*Your objective*
Please repeat the listing in its entirety, without any alteration.
** Given data follows **
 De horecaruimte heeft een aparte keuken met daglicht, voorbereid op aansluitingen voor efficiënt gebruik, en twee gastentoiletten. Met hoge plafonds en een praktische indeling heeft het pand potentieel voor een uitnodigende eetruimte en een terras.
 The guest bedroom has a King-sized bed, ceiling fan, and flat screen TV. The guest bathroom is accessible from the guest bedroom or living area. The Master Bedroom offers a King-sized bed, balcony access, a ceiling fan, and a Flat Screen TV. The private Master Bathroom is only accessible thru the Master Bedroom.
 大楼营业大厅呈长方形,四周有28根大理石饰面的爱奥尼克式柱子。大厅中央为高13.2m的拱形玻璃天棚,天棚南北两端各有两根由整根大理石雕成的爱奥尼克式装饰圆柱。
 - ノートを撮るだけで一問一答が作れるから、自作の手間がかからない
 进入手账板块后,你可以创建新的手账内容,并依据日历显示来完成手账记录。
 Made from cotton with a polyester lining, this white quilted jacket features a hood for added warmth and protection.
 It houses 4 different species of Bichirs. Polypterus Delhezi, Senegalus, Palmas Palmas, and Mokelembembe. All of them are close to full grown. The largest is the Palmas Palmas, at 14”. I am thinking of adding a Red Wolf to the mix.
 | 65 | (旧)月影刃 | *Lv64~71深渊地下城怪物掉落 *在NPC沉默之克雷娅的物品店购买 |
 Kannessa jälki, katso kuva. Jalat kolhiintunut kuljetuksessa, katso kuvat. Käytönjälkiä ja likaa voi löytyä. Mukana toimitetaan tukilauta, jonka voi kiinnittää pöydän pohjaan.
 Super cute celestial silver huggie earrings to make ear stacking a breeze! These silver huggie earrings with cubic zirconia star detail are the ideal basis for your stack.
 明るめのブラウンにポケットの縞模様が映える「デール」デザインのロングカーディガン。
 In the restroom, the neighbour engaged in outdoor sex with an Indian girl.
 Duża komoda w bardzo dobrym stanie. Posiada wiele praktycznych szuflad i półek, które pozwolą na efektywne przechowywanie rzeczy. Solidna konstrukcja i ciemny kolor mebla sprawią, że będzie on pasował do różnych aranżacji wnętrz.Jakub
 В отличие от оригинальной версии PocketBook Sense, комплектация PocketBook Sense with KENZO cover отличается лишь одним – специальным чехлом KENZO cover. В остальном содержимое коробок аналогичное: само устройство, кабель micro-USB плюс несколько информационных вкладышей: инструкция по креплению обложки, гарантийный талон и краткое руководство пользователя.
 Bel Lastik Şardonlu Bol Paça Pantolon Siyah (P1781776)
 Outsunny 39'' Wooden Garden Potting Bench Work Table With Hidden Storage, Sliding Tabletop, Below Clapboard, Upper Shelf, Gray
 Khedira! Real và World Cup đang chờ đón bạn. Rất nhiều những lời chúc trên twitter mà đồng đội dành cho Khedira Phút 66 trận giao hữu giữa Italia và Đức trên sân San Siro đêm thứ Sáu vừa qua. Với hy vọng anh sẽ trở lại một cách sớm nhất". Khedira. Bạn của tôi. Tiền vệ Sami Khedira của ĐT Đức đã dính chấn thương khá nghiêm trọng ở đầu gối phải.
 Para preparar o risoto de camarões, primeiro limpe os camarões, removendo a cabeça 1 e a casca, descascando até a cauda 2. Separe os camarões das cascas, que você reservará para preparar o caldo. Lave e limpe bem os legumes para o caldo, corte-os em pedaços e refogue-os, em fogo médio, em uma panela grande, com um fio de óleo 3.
** End of Given data **
*Solution to the problem*
 De horecaruimte heeft een aparte keuken met daglicht, voorbereid op aansluitingen voor efficiënt gebruik, en twee gastentoiletten. Met hoge plafonds en een praktische indeling heeft het pand potentieel voor een uitnodigende eetruimte en een terras.
 The guest bedroom has a King-sized bed, ceiling fan, and flat screen TV. The guest bathroom is accessible from the guest bedroom or living area. The Master Bedroom offers a King-sized bed, balcony access, a ceiling fan, and a Flat Screen TV. The private Master Bathroom is only accessible thru the Master Bedroom.
 大楼营业大厅呈长方形,四周有28根大理石饰面的爱奥尼克式柱子。大厅中央为高13.2m的拱形玻璃天棚,天棚南北两端各有两根由整根大理石雕成的爱奥尼克式装饰圆柱。
 - ノートを撮るだけで一問一答が作れるから、自作の手間がかからない
 进入手账板块后,你可以创建新的手账内容,并依据日历显示来完成手账记录。
 Made from cotton with a polyester lining, this white quilted jacket features a hood for added warmth and protection.
 It houses 4 different species of Bichirs. Polypterus Delhezi, Senegalus, Palmas Palmas, and Mokelembembe. All of them are close to full grown. The largest is the Palmas Palmas, at 14”. I am thinking of adding a Red Wolf to the mix.
 | 65 | (旧)月影刃 | *Lv64~71深渊地下城怪物掉落 *在NPC沉默之克雷娅的物品店购买 |
 Kannessa jälki, katso kuva. Jalat kolhiintunut kuljetuksessa, katso kuvat. Käytönjälkiä ja likaa voi löytyä. Mukana toimitetaan tukilauta, jonka voi kiinnittää pöydän pohjaan.
 Super cute celestial silver huggie earrings to make ear stacking a breeze! These silver huggie earrings with cubic zirconia star detail are the ideal basis for your stack.
 明るめのブラウンにポケットの縞模様が映える「デール」デザインのロングカーディガン。
 In the restroom, the neighbour engaged in outdoor sex with an Indian girl.
 Duża komoda w bardzo dobrym stanie. Posiada wiele praktycznych szuflad i półek, które pozwolą na efektywne przechowywanie rzeczy. Solidna konstrukcja i ciemny kolor mebla sprawią, że będzie on pasował do różnych aranżacji wnętrz.Jakub
 В отличие от оригинальной версии PocketBook Sense, комплектация PocketBook Sense with KENZO cover отличается лишь одним – специальным чехлом KENZO cover. В остальном содержимое коробок аналогичное: само устройство, кабель micro-USB плюс несколько информационных вкладышей: инструкция по креплению обложки, гарантийный талон и краткое руководство пользователя.
 Bel Lastik Şardonlu Bol Paça Pantolon Siyah (P1781776)
 Outsunny 39'' Wooden Garden Potting Bench Work Table With Hidden Storage, Sliding Tabletop, Below Clapboard, Upper Shelf, Gray
 Khedira! Real và World Cup đang chờ đón bạn. Rất nhiều những lời chúc trên twitter mà đồng đội dành cho Khedira Phút 66 trận giao hữu giữa Italia và Đức trên sân San Siro đêm thứ Sáu vừa qua. Với hy vọng anh sẽ trở lại một cách sớm nhất". Khedira. Bạn của tôi. Tiền vệ Sami Khedira của ĐT Đức đã dính chấn thương khá nghiêm trọng ở đầu gối phải.
 Para preparar o risoto de camarões, primeiro limpe os camarões, removendo a cabeça 1 e a casca, descascando até a cauda 2. Separe os camarões das cascas, que você reservará para preparar o caldo. Lave e limpe bem os legumes para o caldo, corte-os em pedaços e refogue-os, em fogo médio, em uma panela grande, com um fio de óleo 3.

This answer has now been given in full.